Source material:
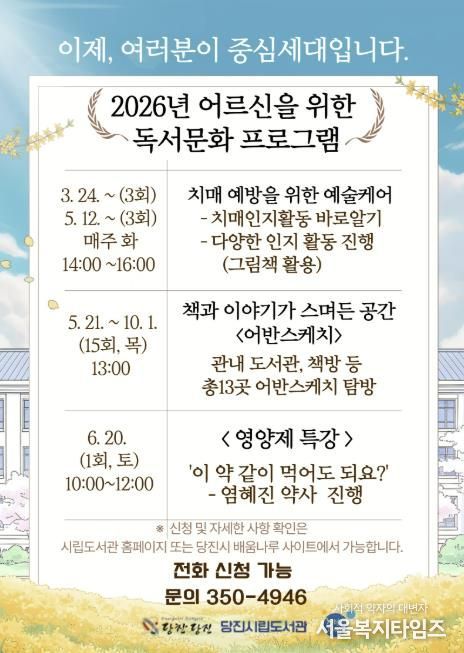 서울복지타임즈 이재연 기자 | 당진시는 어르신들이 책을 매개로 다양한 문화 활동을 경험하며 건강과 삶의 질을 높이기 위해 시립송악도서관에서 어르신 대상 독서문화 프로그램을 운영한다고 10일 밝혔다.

--

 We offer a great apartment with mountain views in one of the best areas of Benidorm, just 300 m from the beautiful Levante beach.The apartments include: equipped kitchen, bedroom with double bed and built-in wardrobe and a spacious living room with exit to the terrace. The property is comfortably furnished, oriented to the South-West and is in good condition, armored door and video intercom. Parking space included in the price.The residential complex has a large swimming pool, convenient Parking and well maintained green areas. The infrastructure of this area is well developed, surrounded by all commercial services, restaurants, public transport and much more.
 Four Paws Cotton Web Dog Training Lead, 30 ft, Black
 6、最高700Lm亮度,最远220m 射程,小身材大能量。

--

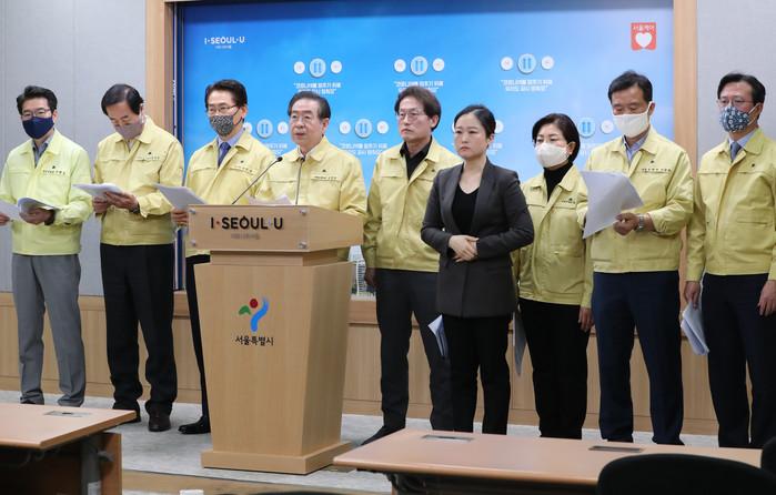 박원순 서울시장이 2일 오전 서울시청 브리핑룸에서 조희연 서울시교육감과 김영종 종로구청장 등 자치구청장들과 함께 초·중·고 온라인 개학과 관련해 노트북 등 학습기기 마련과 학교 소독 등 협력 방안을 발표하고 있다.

The task:
Above are the records. Copy the lines beginning at the one that has "Four Paws Cotton" and ending with the one that has "6、最高700Lm亮度,最远220m 射程,小身材大能量。", unchanged.

Answer below:
 Four Paws Cotton Web Dog Training Lead, 30 ft, Black
 6、最高700Lm亮度,最远220m 射程,小身材大能量。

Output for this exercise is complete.